**What needs to be done**
Every line in the data below from the one containing "Step 1: Select" down to the one containing "Вкусные спринг-роллы с", both included, must be retyped exactly; no other line is to appear.

**Material for this exercise**
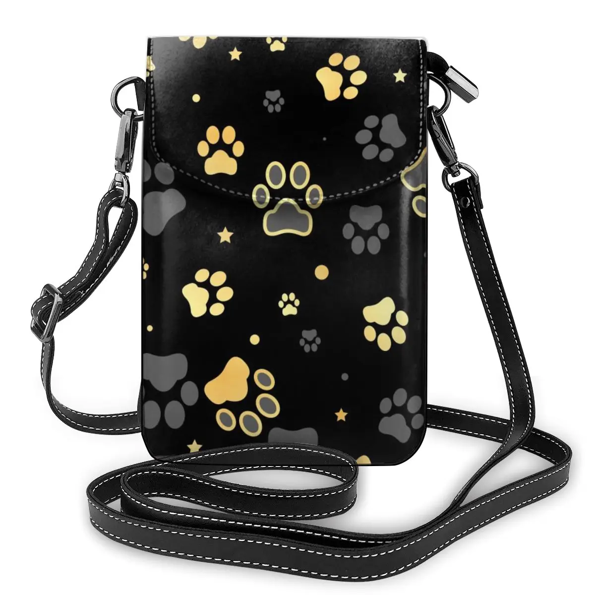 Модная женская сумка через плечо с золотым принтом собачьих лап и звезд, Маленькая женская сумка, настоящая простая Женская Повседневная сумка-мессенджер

--

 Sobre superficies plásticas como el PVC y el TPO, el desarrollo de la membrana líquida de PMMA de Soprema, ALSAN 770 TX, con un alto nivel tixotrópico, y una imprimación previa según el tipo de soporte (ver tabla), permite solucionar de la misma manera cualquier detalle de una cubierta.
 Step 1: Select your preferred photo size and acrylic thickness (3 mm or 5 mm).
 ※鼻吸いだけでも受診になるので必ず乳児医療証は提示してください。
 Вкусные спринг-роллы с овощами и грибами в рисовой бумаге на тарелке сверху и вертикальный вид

---

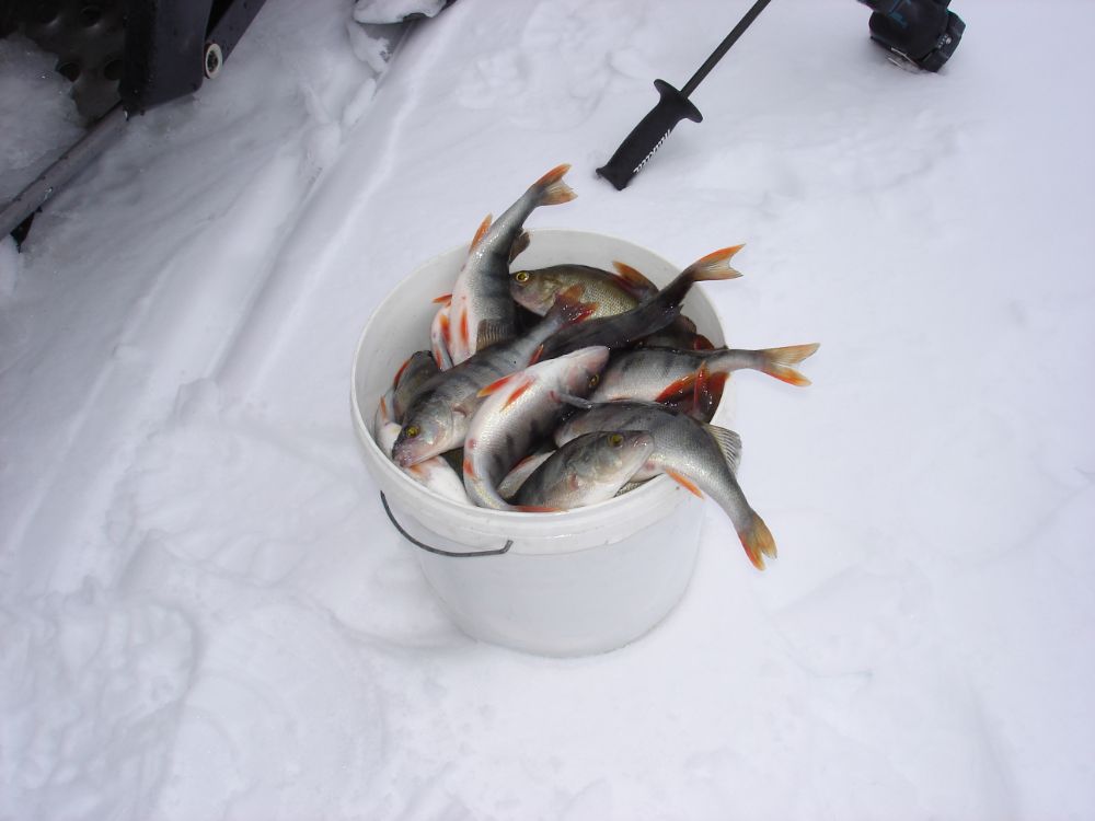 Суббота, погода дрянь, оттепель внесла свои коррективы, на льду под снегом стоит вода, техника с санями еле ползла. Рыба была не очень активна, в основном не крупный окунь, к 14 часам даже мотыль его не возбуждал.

**Exercise result**
 Step 1: Select your preferred photo size and acrylic thickness (3 mm or 5 mm).
 ※鼻吸いだけでも受診になるので必ず乳児医療証は提示してください。
 Вкусные спринг-роллы с овощами и грибами в рисовой бумаге на тарелке сверху и вертикальный вид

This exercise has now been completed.